An expansive graze over 1920s London and a need to be clever, to be ordinary and garrulous and then retreat to a library. An elastic book, to be read in bursts. Characterizations. Elements. This portion or that of London venues, London society.  Through many pages we fail to meet Scrivener through the chat and occasional reflection of a small crowd of people. Claude Houghton's youth laid bare. Let's suppose.

Earliest Penguin Books did not have blurbs or authors' lives or photographs. You enter via the Penguin on the title page, a perky version in the 1930s, then the printing history on the verso and then Part One. You're in. By halfway so far in you feel impatient and would read the last few pages in short order. If Scrivener turns up, he's not going to be Godot.

Wednesday 3 February 2021

The Squinancy Tree

South by William Sansom and Adam and Eve and Pinch Me by A.E. Coppard. Vintage Penguins, 870 and 595. William Sansom went to Uppingham School and thence to Bonn to learn German. Later he travelled and lived a little in various parts of Europe including Spain and Hungary. 

If in doubt, go South, young man.

William Sansom is doing the Grand Tour. Putting up at hotels and gazing out from terraces with all his Graeco-Roman education. The leisured traveller with time for style. I don't entirely like him, but I can sense him, compile him in my mind's eye. His slicked-back hair in the manner of Heurtebise in Cocteau's Orphée. Apologetic. Faux-modeste. He pays homage, he describes. 

There lay the fine wide Place Masséna. On one side a garden of palms led to the milk-blue sea. But elsewhere rose a warm geometry of classic, arcaded buildings washed in pinks from pale rose to dark terra-cotta; hundreds of rectangular shutters were picked out in greens, olive to lizardly yellow.
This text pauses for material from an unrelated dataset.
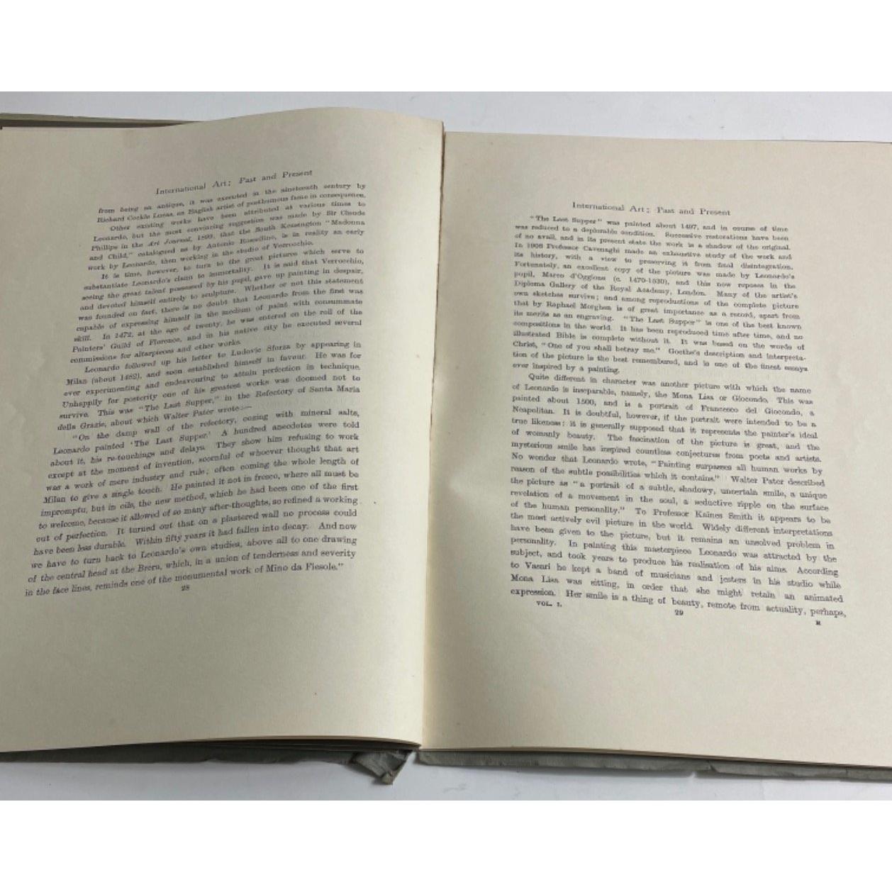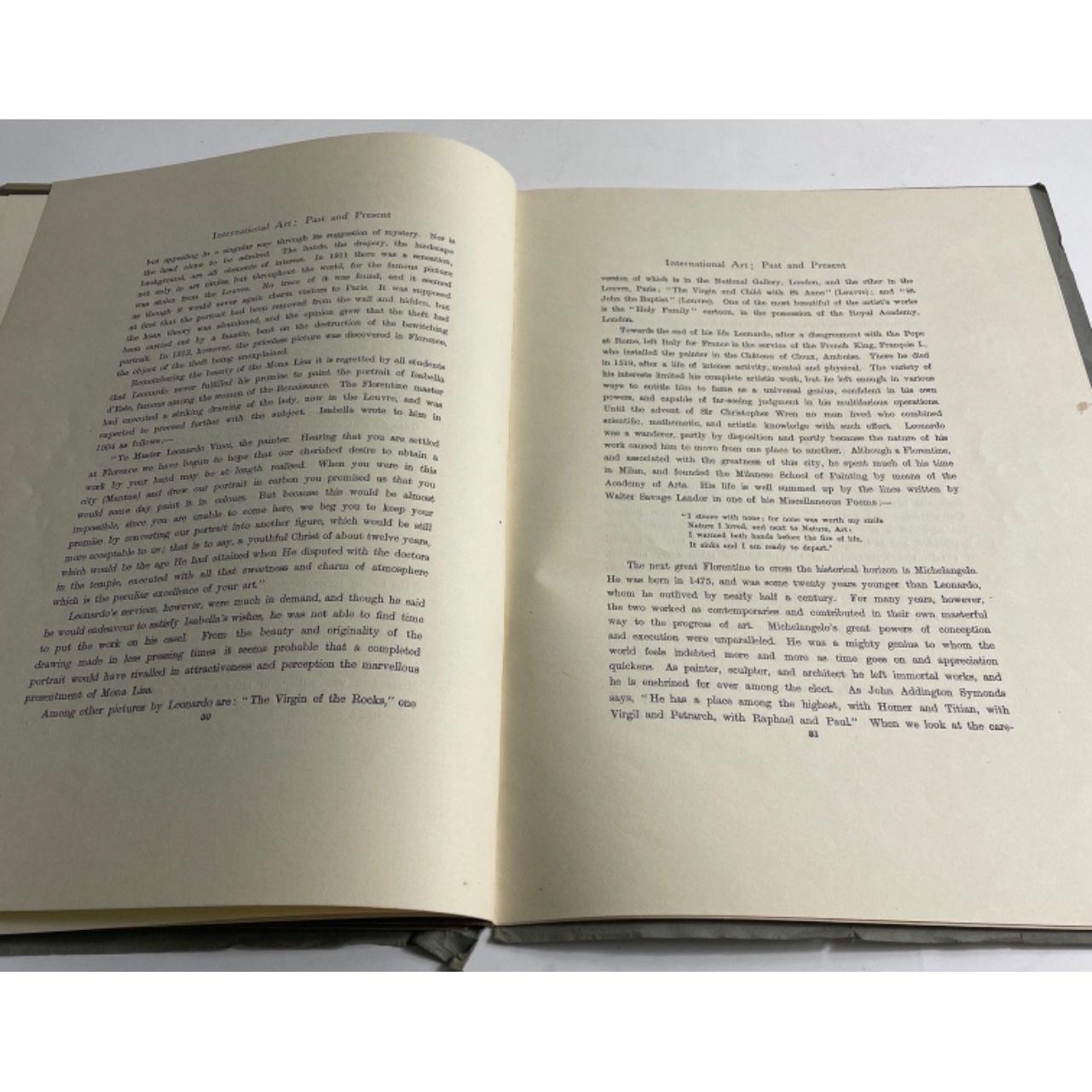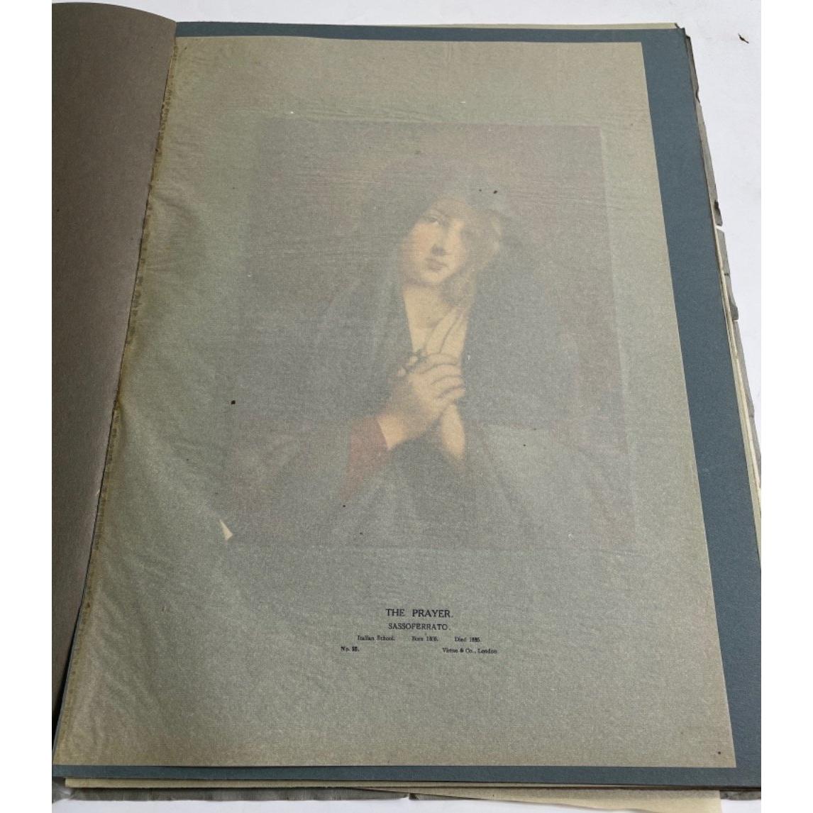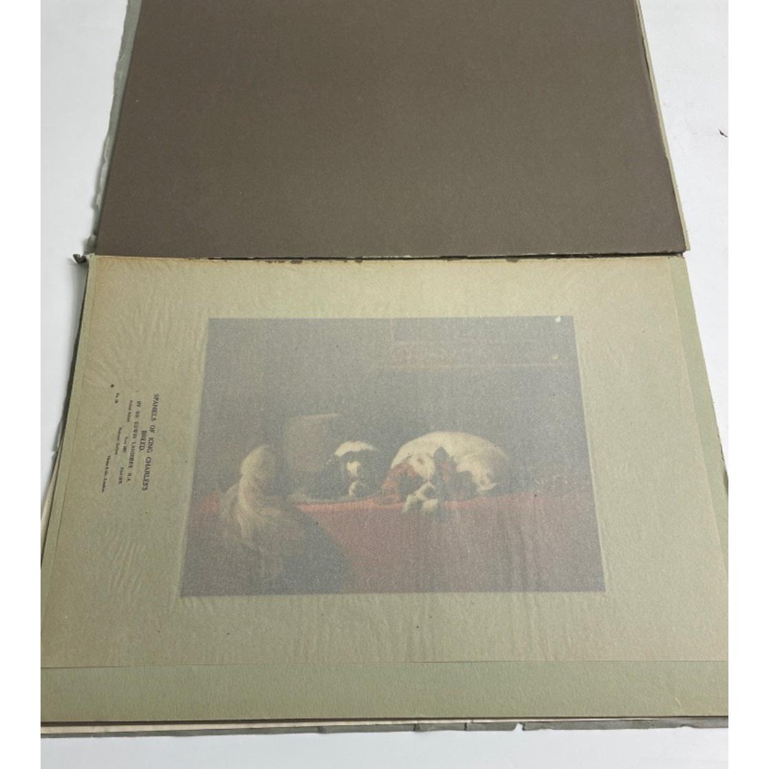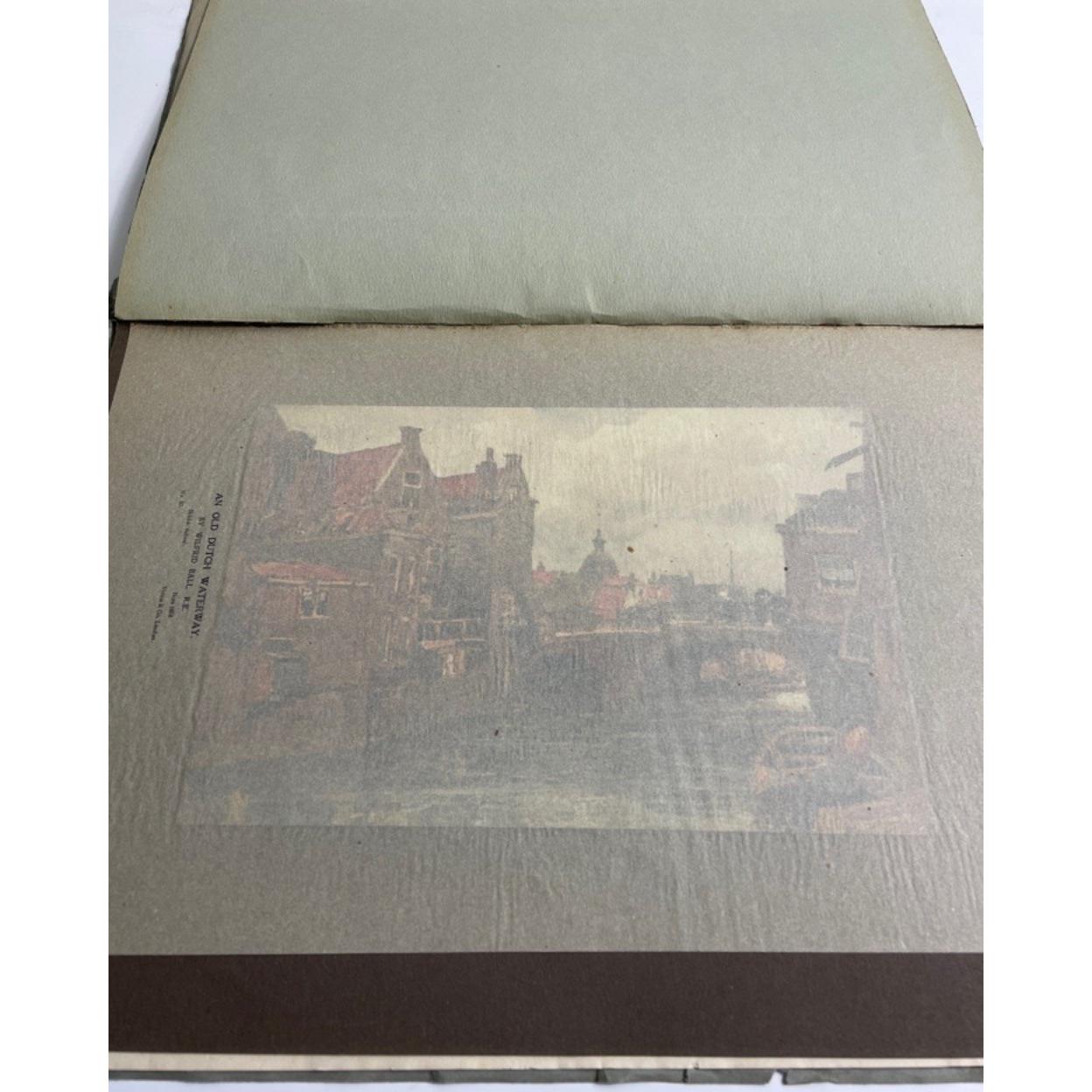 INTERNATIONAL ART PAST & PRESENT Div. 3 published in London by Virtue & Co. (1915) consists of 9 approx. 26 x 17cm colour plates reproducing paintings in Western art history protected by a captioned tissue card. Includes 'Oh mistress mine, where are you roaming?' by Edwin Abbey, 'The prayer' by Sassoferrato, 'Interior of a Dutch house' by Pieter de Hoogh, 'The Villa Doria - Panfili, Rome by AG Decamps, 'Spaniels of King Charles's Breed' by Edwin Landsser, 'Autumn Leaves' by John Everett Millais, An Old Dutch Waterway by Wilfrid Ball. Folio is in a fragile state but the prints are in good, unfaded condition.
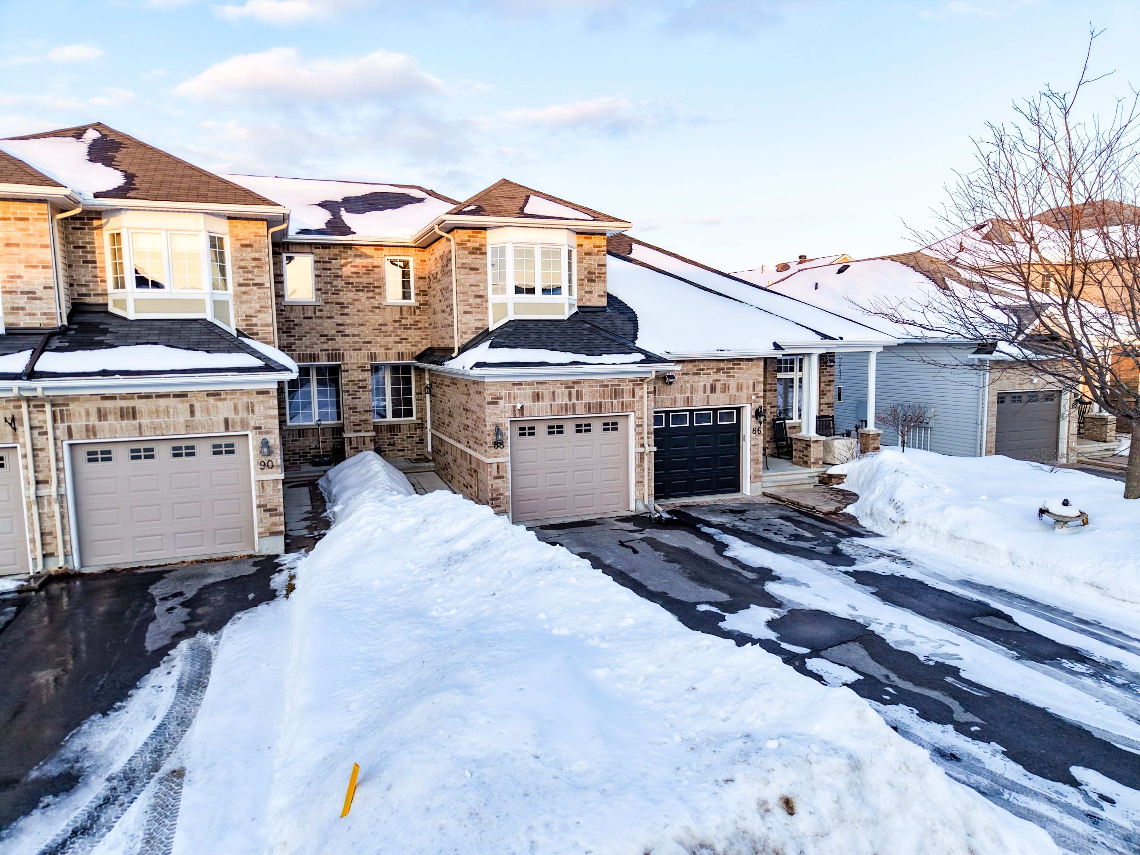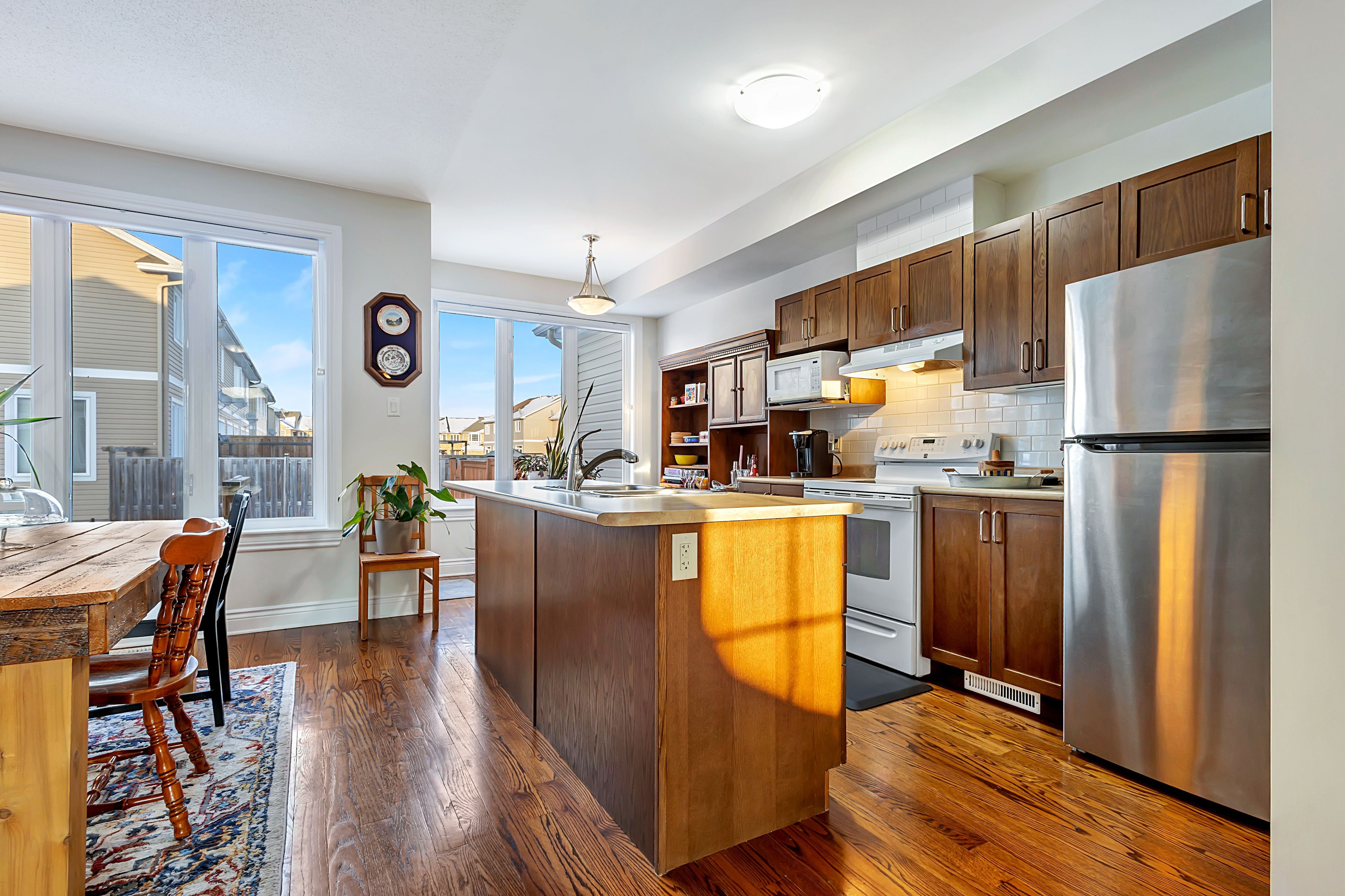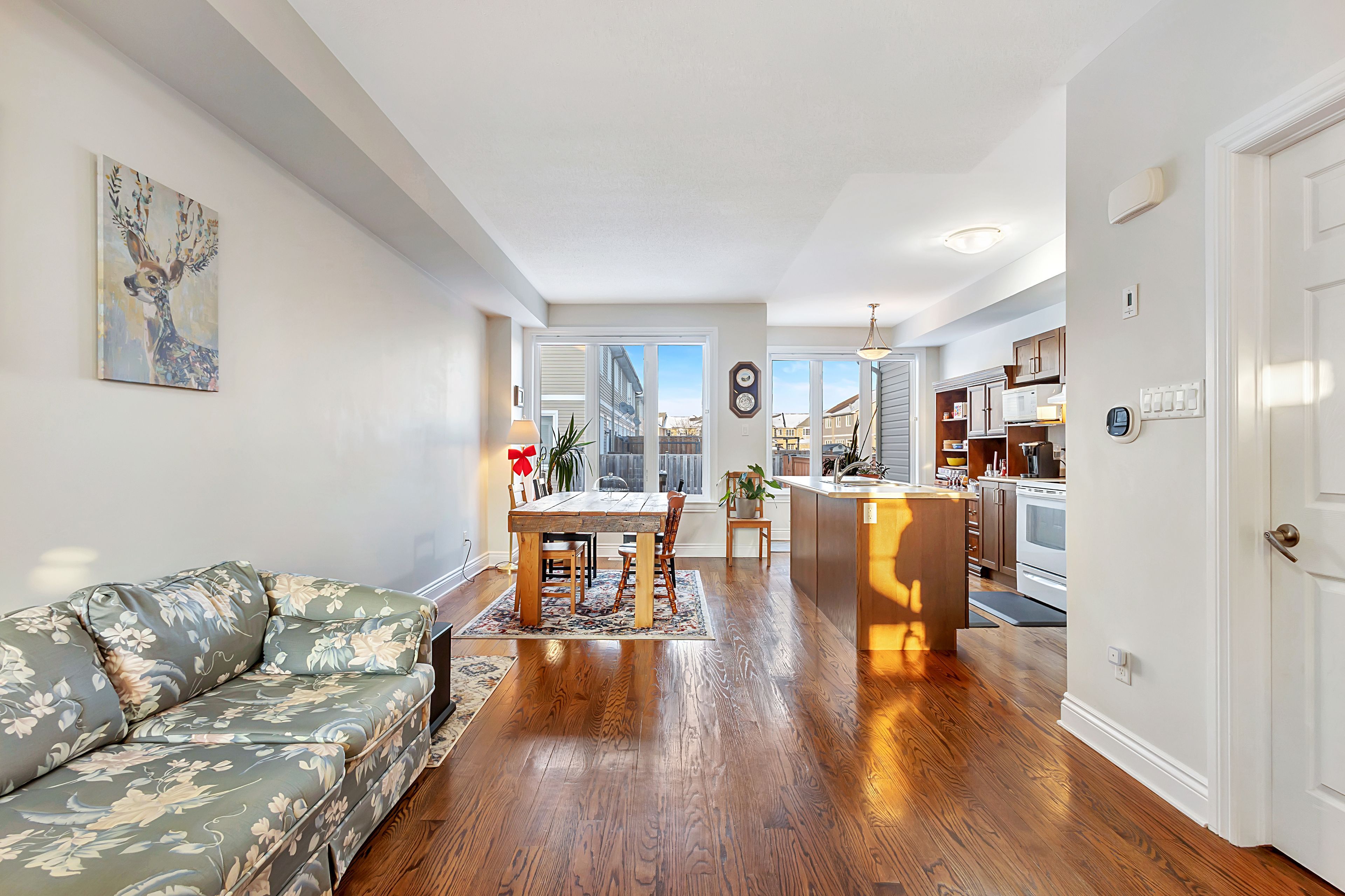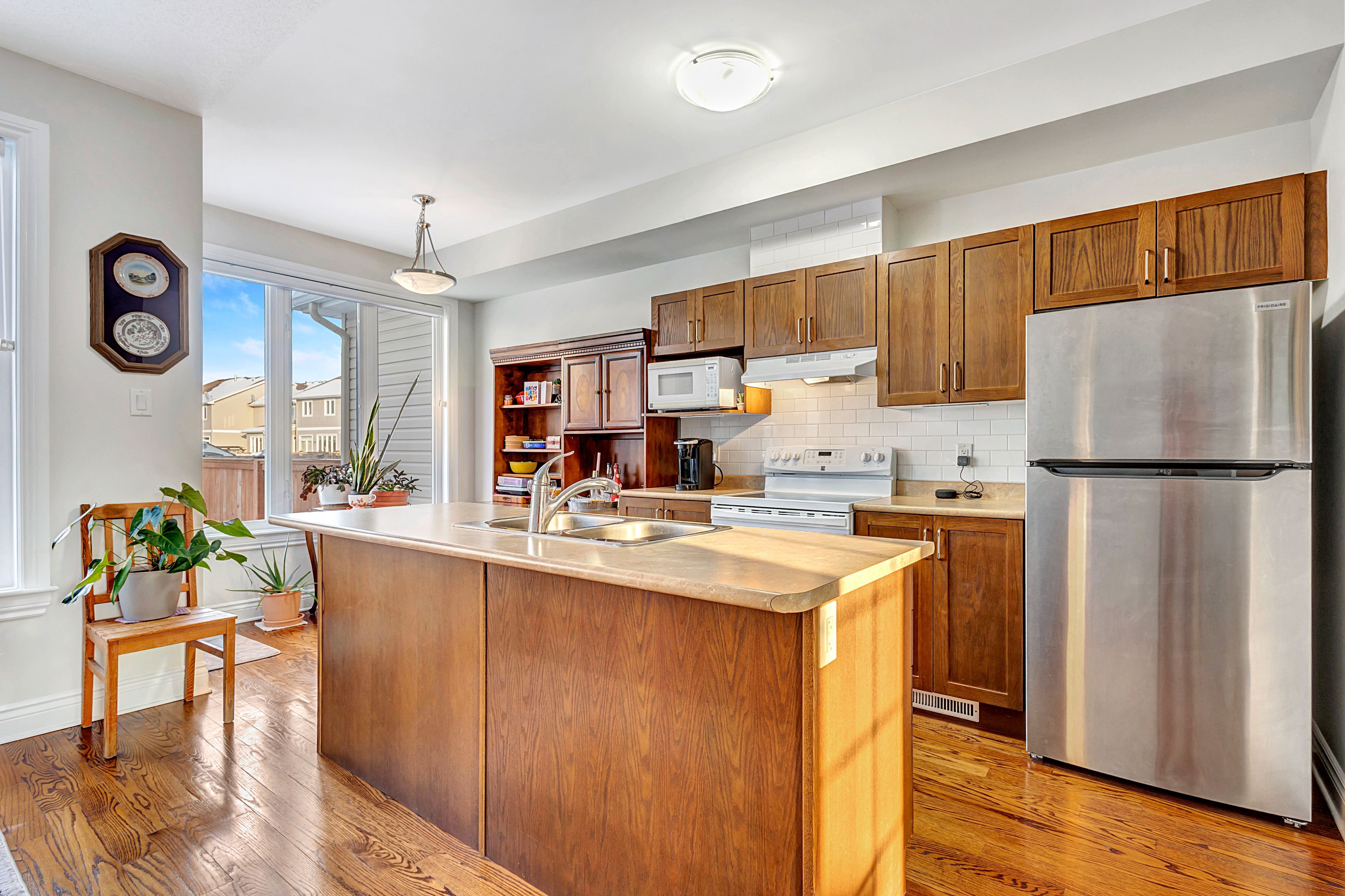 This beautifully maintained 3-bedroom townhouse offers open-concept main level, hardwood flooring on the main floor, tiled bathrooms, and extra-soft wall-to-wall carpet on the stairs and second level. The sun-filled kitchen features an island and patio door access to a backyard with plenty of natural light. The spacious bedrooms offer ample storage. The unfinished basement with a large window is perfect for storage, gym space and includes laundry with washer and dryer. Complete with all appliances, a main-floor powder room, single attached garage with automatic opener, and easy access to highway 417, parks, and amenities - this home truly has it all.

A.E. Coppard was the son of a tailor and a housemaid. Left school at the age of nine to work as errand boy for a Jewish trousers maker in Whitechapel during the period of the Jack-the-ripper murders. He's on a journey.

In the great days that are gone I was walking the Journey upon its easy smiling roads and came one morning of windy spring to the side of a wood. I had just rested to eat my crusts and suck a drink from the pool when a fat woman appeared and sat down before me. I gave her the grace of the morning.

He overwrites nature as a natural must. As faery/ploughman, with a wicked sprint. Take the squinancy tree.  The squinancy tree drops red petals into the princess's bower in  'Princess of Kingdom Gone', princess of a tiny kingdom, she slips from its bower into dark velvet water.

I know squinancywort from the flower book of my childhood. Relative of woodruff. Squinancy tree is new. Googling the squinancy tree brings me to several non-functioning Armenian websites, plus a reference back to A.E. Coppard and the princess of a tiny kingdom.

At the back of my copy of Penguin 595 there is a phone number, Epping 2491, in my father's decided script. Maybe he was ringing about the squinancy tree. 

I went on alone and in the course of the days I fell in with many persons: stupid persons, great persons, jaunty ones. An ass passes me by, its cart burdened with a few dead sprays of larch and a log for the firing.  An old man toils at the side urging the ass onwards. They give me no direction and I wonder whether I am at all like the ass, or the man, or the cart, or the log for the firing. I cannot say.